NOW THEREFORE, in consideration of the mutual promises contained
herein and other good and valuable consideration, the receipt and sufficiency
of which are hereby acknowledged, the parties agree as follows:
1. Assignment and Assumption.
(a) The Assignor hereby assigns to the Assignee, as of the date
hereof, all of its right, title and interest in and to the Mortgage Loans and
the Servicing Agreement, to the extent relating to the Mortgage Loans (other
than the rights of the Assignor (and if applicable its affiliates, officers,
directors and agents) to indemnification thereunder), and the Assignee hereby
assumes all of the Assignor's obligations under the Servicing Agreement, to
the extent relating to
the Mortgage Loans, from and after the date hereof, and the Servicer hereby
acknowledges such assignment and assumption and hereby agrees to the release
of the Assignor from any obligations under the Servicing Agreement from and
after the date hereof, to the extent relating to the Mortgage Loans.

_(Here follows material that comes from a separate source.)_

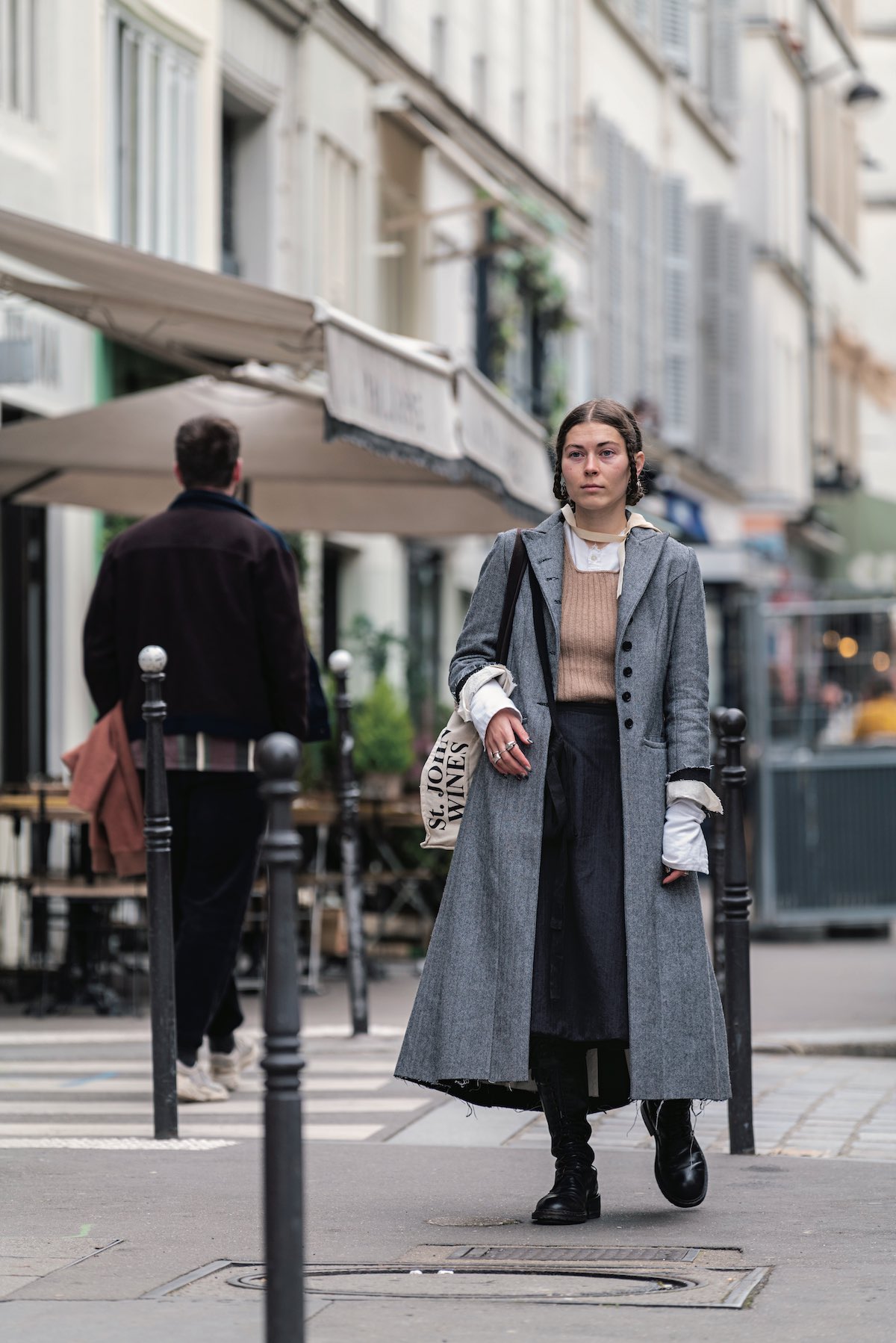 長年ファッションの仕事に携わり日本での勤務経験も持つ彼女は、自分に似合うスタイルを熟知するお洒落上級者。柔らかさと強さが共存する素敵な着こなしが、アンニュイなパリの情景にそっと馴染みながら、一際個性を放つ。

(b) The Assignor represents and warrants to the Assignee that the
Assignor has not taken any action which would serve to impair or encumber the
Assignor's ownership interest in the Mortgage Loans since the date of the
Servicing Agreement.
(c) The Servicer and the Assignor shall have the right to amend,
modify or terminate the Servicing Agreement without the joinder of the
Assignee with respect to mortgage loans not conveyed to the Assignee
hereunder; provided, however, that such amendment, modification or termination
shall not affect or be binding on the Assignee.
2. Modification of the Servicing Agreement. Only in so far as it
relates to the Mortgage Loans, the Servicer and the Assignor hereby amend the
Servicing Agreement as follows:
(a) a new defined term "Annual Statement of Compliance" will be added
to Article I after the term "Annual Independent Public Accountant's Servicing
Report" as follows:
"Annual Statement of Compliance: A report prepared by a responsible
officer of the Servicer detailing any exceptions to the Servicer's fulfillment
of its obligations under this Agreement."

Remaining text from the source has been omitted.